Thursday, January 24, 2008

American Holidays



I have been pretty bad at keeping up with my journal entries. I have officially been in Thailand over one year and that is possibly the reason why my journaling has slipped off. It is quite exciting to memorialize the unique experiences that seem to occur everyday as you are continually confronted with a culture and country that you still don’t quite fully understand. Once that novelty has worn off, as it has to some degree by this point, it just seems that your weekly activities don’t merit a journal entry. As much as it may seem impossible to my friends and family back home, I really have settled into the daily routine of living in Thailand. This shouldn’t discount the fact that this daily routine does include speaking Thai and not understanding Karen, riding my bike on dirt roads through the mountains of northern Thailand from one Karen hill tribe village to another, sharing dinner with adopted families around an open fire situated in the living room of a bamboo house, or sitting in the back of a covered pickup truck for five hours to reach the provincial capital. I think that my daily life does merit much more attention!

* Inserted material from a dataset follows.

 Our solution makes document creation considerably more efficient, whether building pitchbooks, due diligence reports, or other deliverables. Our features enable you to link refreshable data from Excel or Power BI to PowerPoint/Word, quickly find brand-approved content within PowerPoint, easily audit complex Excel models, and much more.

I can’t recall many specifics from the month of December, but I can recall that I was able to return to the U.S. for the holidays and for my good friend Luke’s wedding. My time in the U.S. was a whirlwind affair. A long journey from Thailand was exacerbated by United’s inability to get their passengers to any destination without endless delays and problems. I ended up having to stay the night in Las Vegas which extended my traveling time to somewhere around four days before I actually arrived in Wyoming. A blizzard accompanied my Mom’s and Brandt’s welcome home, but was not enough to deter us from our Christmas Eve gathering. Christmas went off flawlessly and I received some of the best presents I have ever received (I was also fairly eager to give my Thai gifts away). Luke’s wedding was great fun and to get to see all my Buffalo buddies was more than I could ask for. I am quite positive that I haven’t laughed as much for years as I did in those few days with those guys. Luke and Marsha had a perfect wedding and I was honored to be Luke’s best man. Morgan arrived just in time for the wedding and she got to meet my friends and family. We made a trip through the Black Hills to see Mount Rushmore and also got to spend some good time hiking in the snowy Bighorn Mountains and sightseeing in Buffalo and Sheridan. I had a great last day in Billings with my Mom where I stuffed myself with deliciously unhealthy American food and boarded my plane for yet another journey halfway across the globe.

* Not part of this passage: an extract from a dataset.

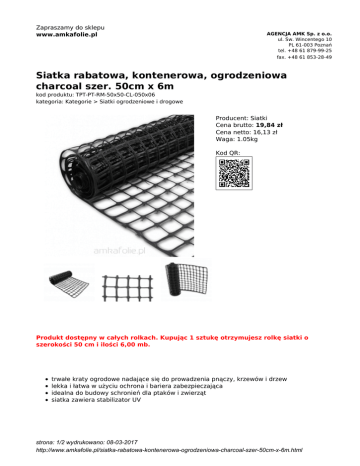 Zapraszamy do sklepu www.amkafolie.pl AGENCJA AMK Sp. z o.o. ul. Św. Wincentego 10 PL 61-003 Poznań tel. +48 61 879-99-25 fax. +48 61 853-28-49 Siatka rabatowa, kontenerowa, ogrodzeniowa charcoal szer. 50cm x 6m kod produktu: TPT-PT-RM-50x50-CL-050x06 kategoria: Kategorie > Siatki ogrodzeniowe i drogowe Producent: Siatki Cena brutto: 19,84 zł Cena netto: 16,13 zł Waga: 1.05kg Kod QR: Produkt dostępny w całych rolkach. Kupując 1 sztukę otrzymujesz rolkę siatki o szerokości 50 cm i ilości 6,00 mb. trwałe kraty ogrodowe nadające się do prowadzenia pnączy, krzewów i drzew lekka i łatwa w użyciu ochrona i bariera zabezpieczająca idealna do budowy schronień dla ptaków i zwierząt siatka zawiera stabilizator UV strona: 1/2 wydrukowano: 08-03-2017 http://www.amkafolie.pl/siatka-rabatowa-kontenerowa-ogrodzeniowa-charcoal-szer-50cm-x-6m.html Zastosowanie pnącza, zwierzęta i drób, ogrodzenia, drzewa Kolor Skład Wymiary rolki Wymiary oczek Waga g/m² Waga rolki charcoal (węgiel drzewny) PCV z surowców po recyklingu 50cm x 6m 50mm x 50 mm 350 g/m² (+/-5%) 1,05 kg strona: 2/2 wydrukowano: 08-03-2017 http://www.amkafolie.pl/siatka-rabatowa-kontenerowa-ogrodzeniowa-charcoal-szer-50cm-x-6m.html

Now I am back in Thailand and am excited about the prospects of the next few months. I have several projects that the tambon wants me to help with including a project to provide low cost computers to the local school, an effort to create a community development resource center at the SAO, a world map project with the children and teachers at the school, English and teacher trainings involving other volunteers, another effort to mobilize the community around a home-stay tourism project, and initializing my masters thesis research. It seems pretty ambitious and I think it is. Ambition is the key to achieving what seems unlikely to be accomplished. Complacency breeds apathy. In a years time I intend to write on this blog about the community’s successes in achieving these goals.

In one week I will be going with the SAO and 30 other community members on a ดูงาน, or is known in English as...I guess a work study. We will be getting on a bus for a four day journey to officially go see successful organizations in order to get ideas for the tambon. In reality I think it will consist of lots of karaoke, drinking, and very little working. I hope my Thai friends prove me wrong, but I guess there is not too much harm mixing a little fun in with business! I will keep you posted on the outcome!